Elderly, venous thromboembolism, outcome

Summary

The balance between the efficacy and safety of anticoagulant therapy in patients aged ≥90 years with venous thromboembolism (VTE) is uncertain. RIETE is an ongoing, prospective registry of consecutive patients with acute, objectively confirmed, symptomatic VTE. We evaluated the efficacy and safety of anticoagulant therapy during the first three months in all patients aged ≥90 years. In addition, we tried to identify those at a higher risk for VTE. Of 21,873 patients enrolled from March 2001 to February 2008, 610 (2.8%) were aged ≥90 years. Of these, 307 (50%) presented with pulmonary embolism (PE), 240 (39%) had immobility ≥4 days, and 271 (44%) had abnormal creatinine levels. During the first three months of therapy, 140 patients aged ≥90 years (23%) died. Of these, 45 (32%) died of PE (34 of the initial episode, 11 of recurrent PE), 18 (13%) had fatal bleeding.

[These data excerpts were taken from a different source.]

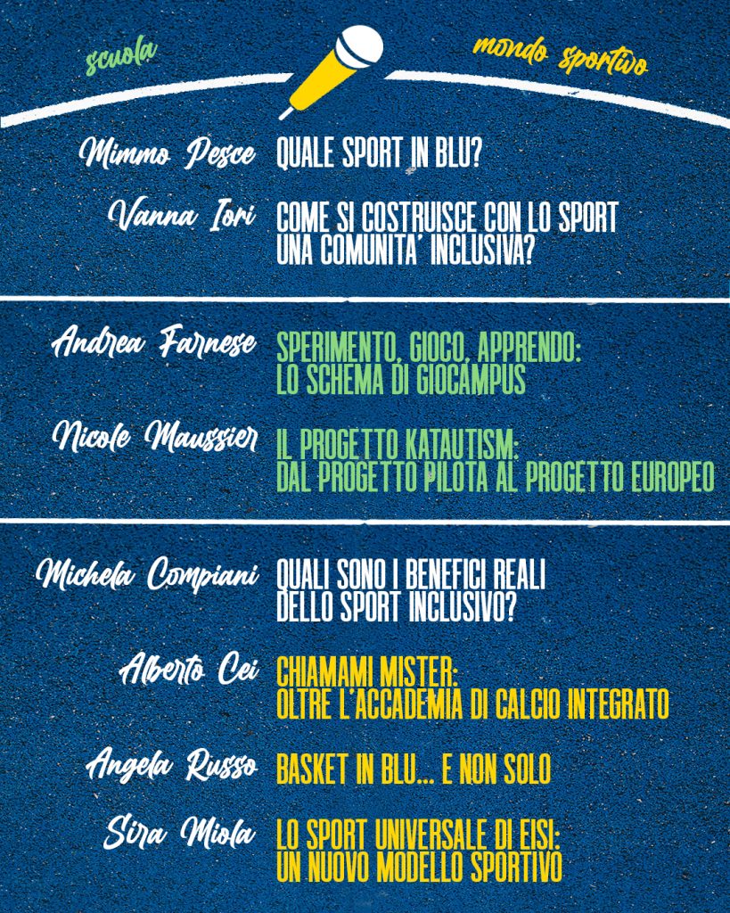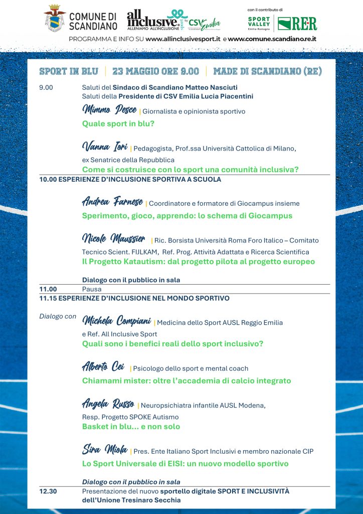 Il 23 maggio abbiamo invitato al MADE di Scandiano un serie di ospiti che hanno realizzato progetti sportivi virtuosi: esperienze concrete di inclusione di persone con autismo o altre neurodivergenze, nella scuola e nello sport pomeridiano, a livello nazione e internazionale. Progetti in cui fiducia, armonia e profondità si realizzano in dinamiche di gruppo positive. Siamo certi che ascoltarli vi sarà d’ispirazione.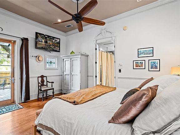 *Truly a unique shotgun styled home located in popular Downtown Historic Church St. East. This stylish pied-a-terre is located on a major parade route and is just around the corner from the MOT/Kennedy Home, British Park & Spanish Plaza. It is perfect for sitting on the side lot and watching the parades go by or walking to the Civic Center for events. In Addition to all the restaurants of Dauphin Street which are within walking distance from this home. The exterior of the home is freshly painted and features a charming front porch, large 16' private deck. Property is fully fenced w/ gated parking & an electronic opener. The 16'x21' carport and storage room both have electricity & centered around urban gardening. The home features a metal roof, custom storms for energy conservation, and many updates that are sympathetic to this historic home and district. The interior is open and loft styled, with an open living area graced w/ 11' ceilings and antique pine flooring. the living area is separated from the kitchen area by a double sided antique fireplace with ventless logs. Stainless steel appliances in the kitchen with unique and updated lighting fixtures throughout. Home features 2 bedroom areas, 1 contains a full bath w/ large walk in shower. Large storage/ dressing area. The other 17'x10' back bedroom has its own entrance and deck. This home has been maintained and loved by the current owners for many years. This is a truly unique property for individuals wanting to downsize, while being able to enjoy the restaurants, music, art, festivals and holidays, all from the heart of downtown**Listing Agent makes no representation to accuracy of sqft. Buyer to verify sqft. & all information deemed important.*** 2023-06-02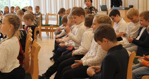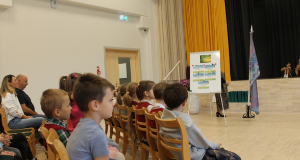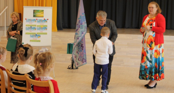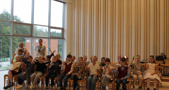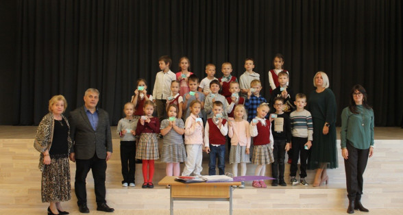 Svētkos sveica ar priekšnesumiem draugi - 2.klases skolēni. Neizpalika arī saldumiņš ar skolas logo un interesantas darba lapas ar dažādiem uzdevumiem.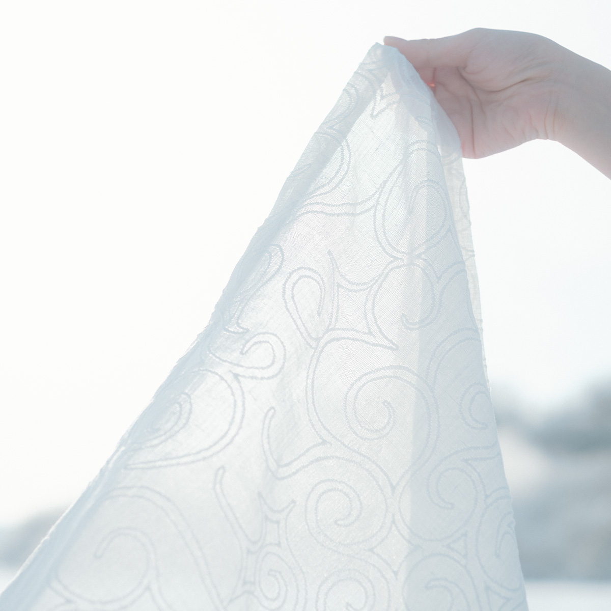 阿寒湖の自然の空気をそのまま切り取ったような表現を目指し、雪、空、木々、この3つの印象を色に重ねて、くらしの工藝布」を作り上げました。
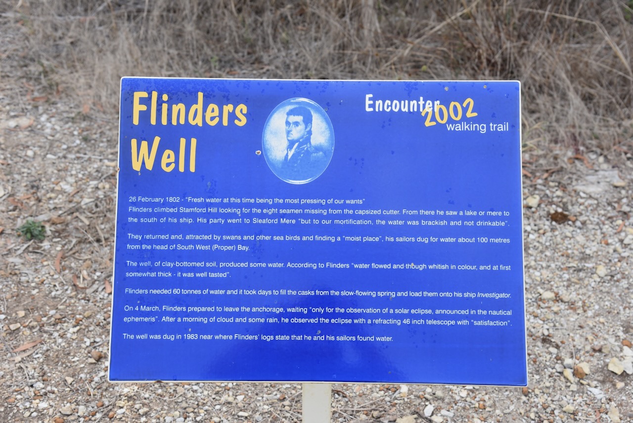 Flinders Well is located in close proximity. On the 26th day of February 1802, FLinders wrote “Fresh water at this time being the most pressing or our wants”. Flinders climbed Stamford Hill looking for the eight seamen missing from the capsized cutter. From there he saw a lake or mere to the south of his ship. His party went to Sleaford Mere ‘but to our mortification, the after was brackish and not drinkable’. They returned and, attracted by swans and other sea birds and finding a ‘moist place’, his sailors dug for water about 100 metres from the head of South West (Proper) Bay. The well, of clay-bottomed soil, produced some water.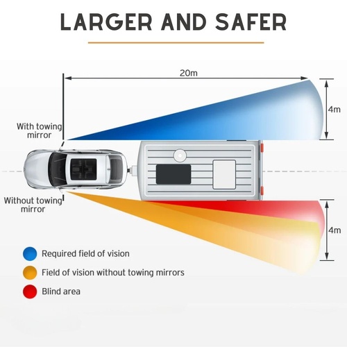 • 200mm wider extension compared to factory mirrors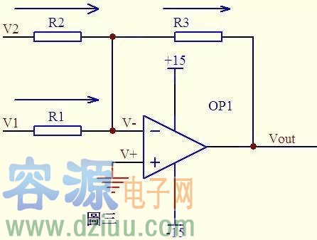 代入a式,b式變?yōu)閂1/R1 + V2/R2 = Vout/R3 如果取R1=R2=R3,則上式變?yōu)?Vout=V1+V2,這就是傳說(shuō)中的加法器了。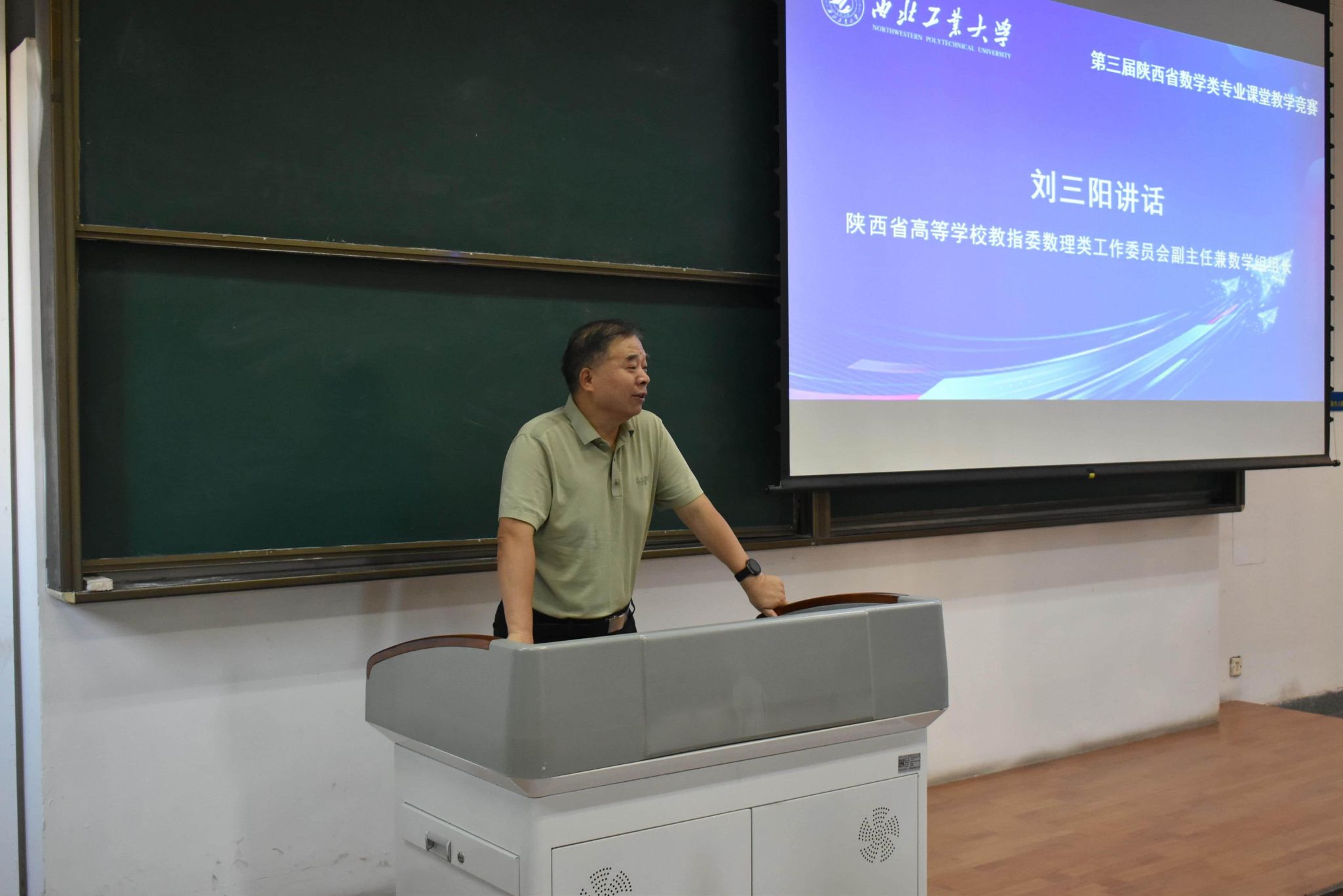 陕西省高等公司教学指导委员会数理类工作委员会副主任兼数学组组长、国家级教学名师刘三阳教授代表竞赛组委会介绍了竞赛组织情况,强调了举办数学专业课堂教学竞赛的初心与意义,详细介绍了初赛实施情况,并对决赛评审流程进行了解读。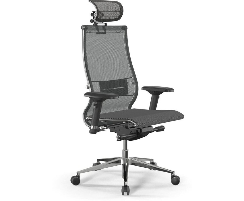 МЕТТА Кресло Samurai S-3 сетка с подголов. крестов. алюминий хром
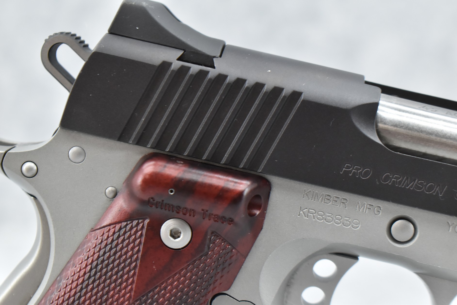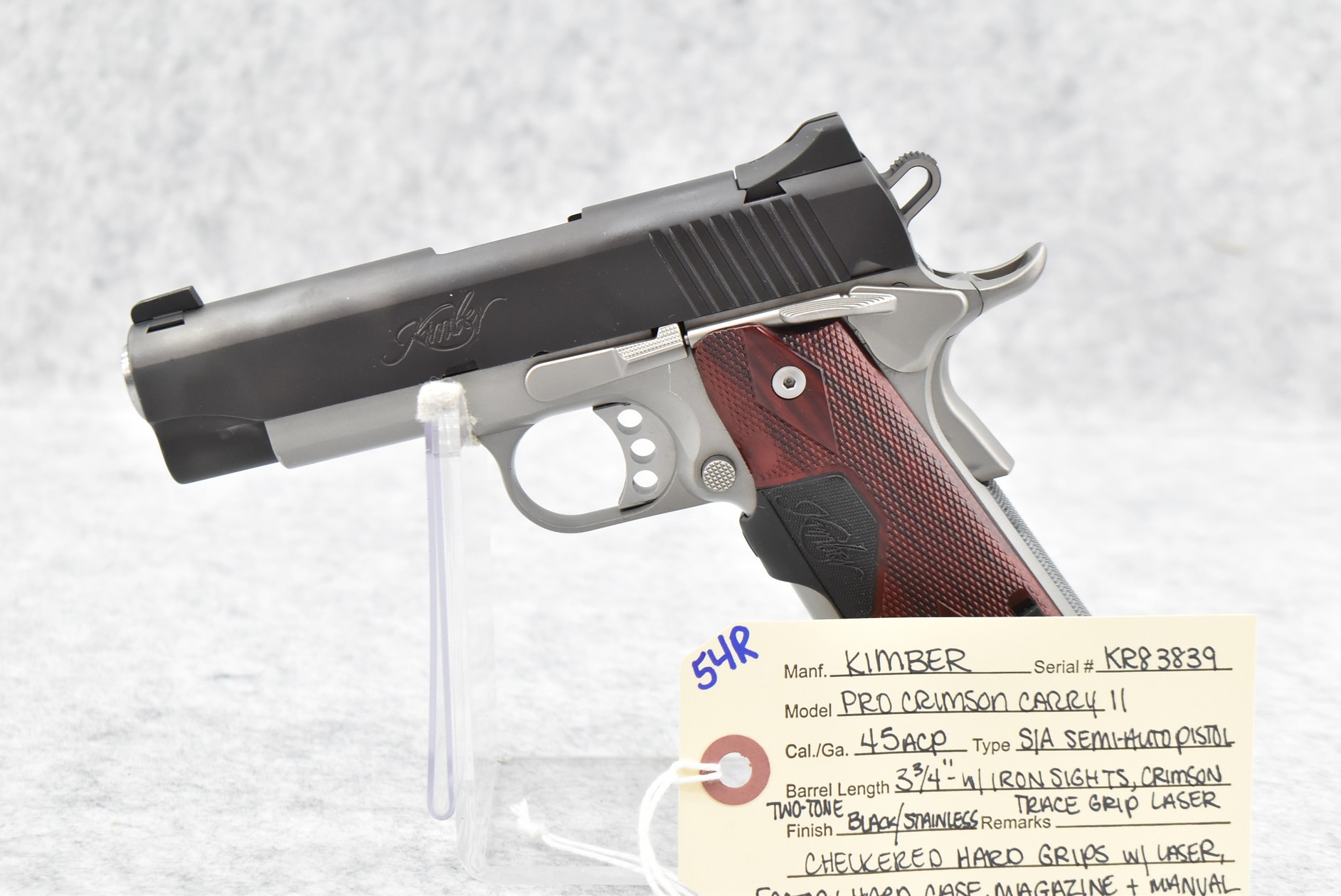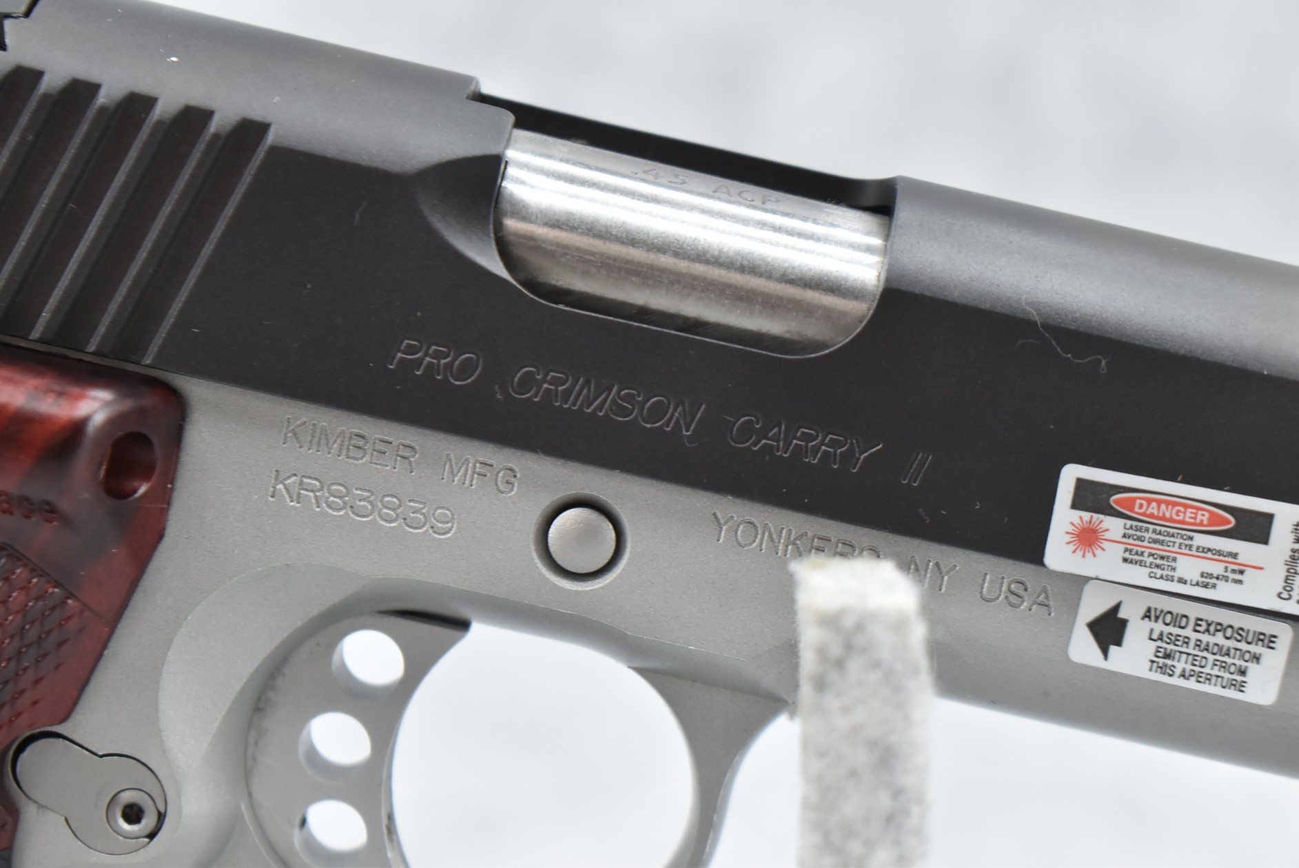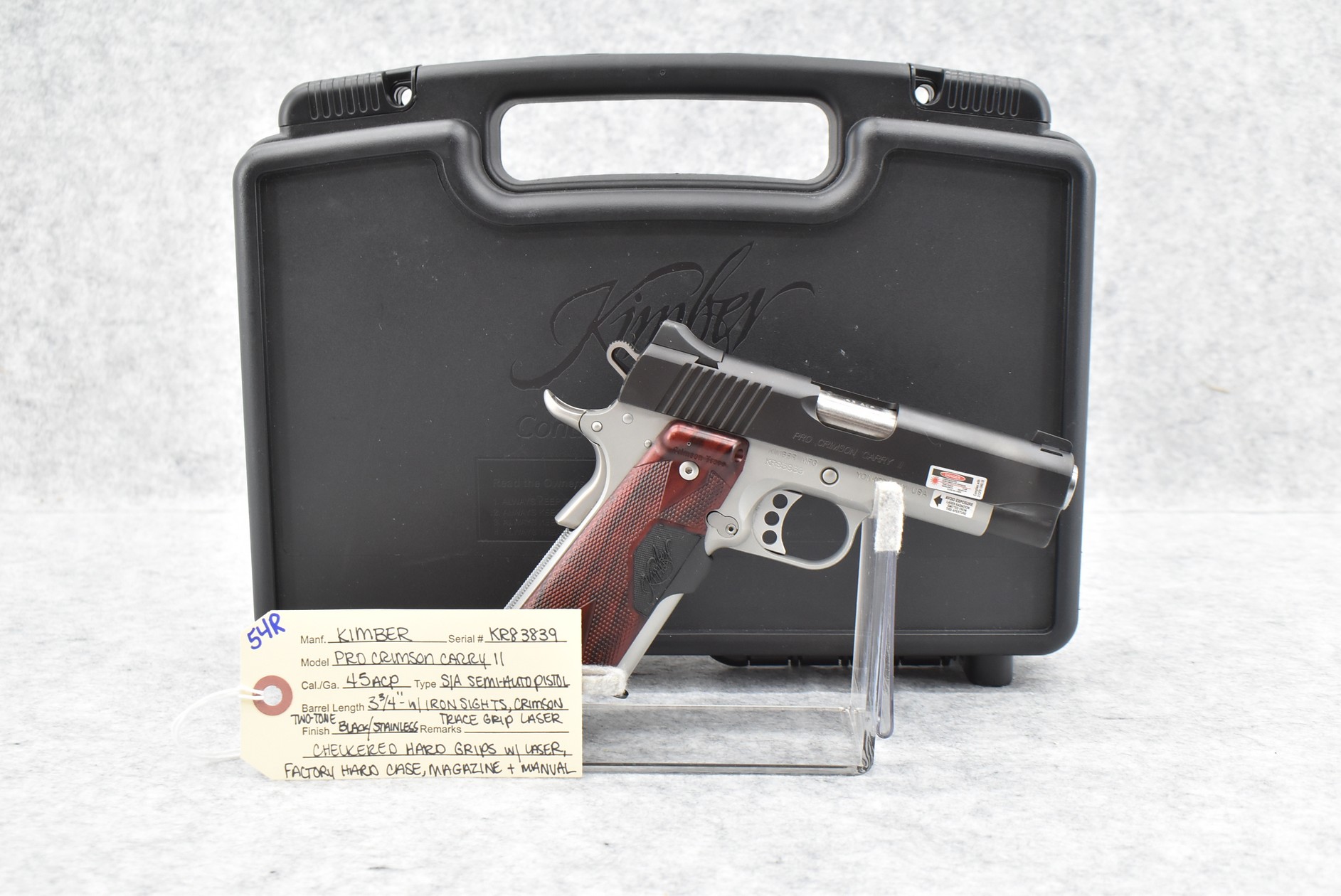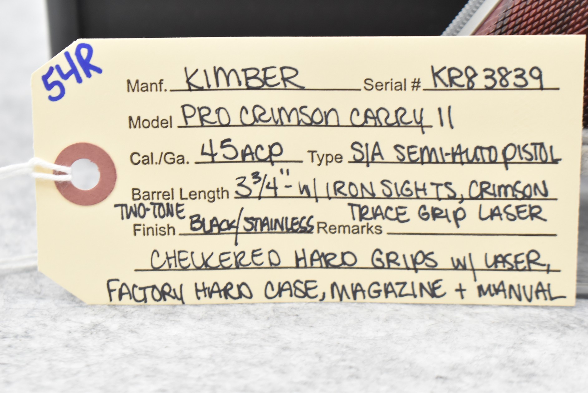 54R.       Kimber – Mod. Pro Crimson Carry II – 45 ACP Cal. Semi-Auto Pistol – w/3 ¾” Barrel w/Iron Sights – Black/Stainless Two-Tone Finish – w/Checkered Wood Grips w/Crimson Trace Grip Laser – w/Factory Hard Case, Magazine & Manual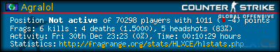 | 1 | Agralol | 0d 00:03:53h | 2016-12-30 20:36:03 | 1 | 3 | 0.33 | 0 | 0.00 | 0 | 0.0% |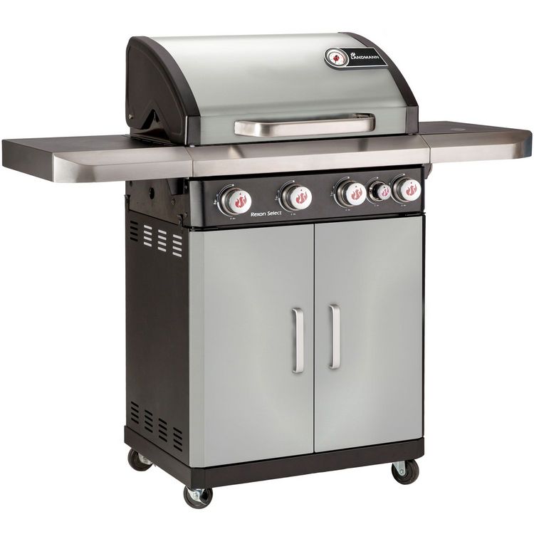 Ce barbecue à gaz de notre gamme Rexon est doté de 4 brûleurs en acier inoxydable réglables en continu (4 x 3,0 kW) et d'un brûleur latéral (3,0 kw). Celui-ci permet de faire cuire vos plats d'accompagnement juste à côté de vos grillades. Le Rexon 4+1 est équipé d'un allumage piézo, d'un theromètre intégré au couvercle à double paroi et d'un placard inférieur fermé. Les grilles de cuisson sont en fonte, la grille de maintien au chaud, les couvre-brûleurs, le foyer et le bac récupérateur de graisse sont en acier émaillé. La surface de cuisson rectangulaire de 65 x 40 cm permet de faire des grillades pour 8 à 10 personnes.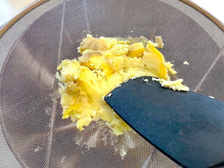 2. 1のさつまいもを熱いうちに裏ごしする。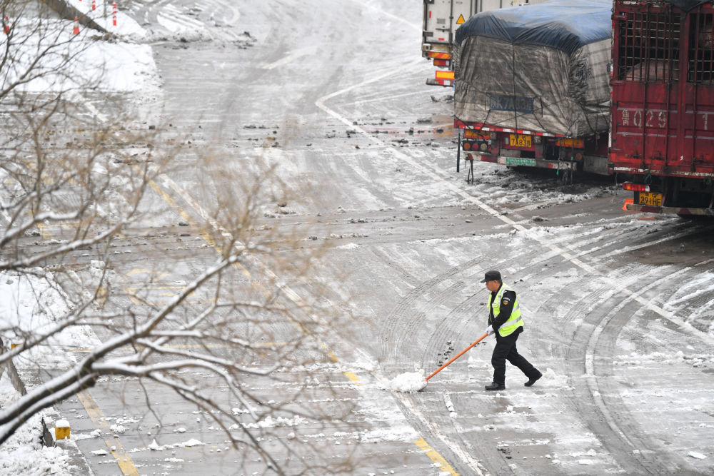 1月16日,包茂高速陜西宜君服務區的工作人員清理地面積雪。新華社記者 張博文 攝

Recent immobility ≥4 days was the most common risk factor for VTE (240 of 610 patients, 39%), but only 54 of them (22%) had received thromboprophylaxis. The most frequent causes for immobility were senile dementia, acute infection, trauma or decompensated heart failure. The duration of immobility was <4 weeks in 126 patients (52%), and most of them were bedridden at home. In conclusion, one in every four VTE patients aged ≥90 years died during the first three months of therapy. Of these, one in every three died of PE, one in every eight had fatal bleeding. Identifying at-risk patients may help to prevent some of these deaths.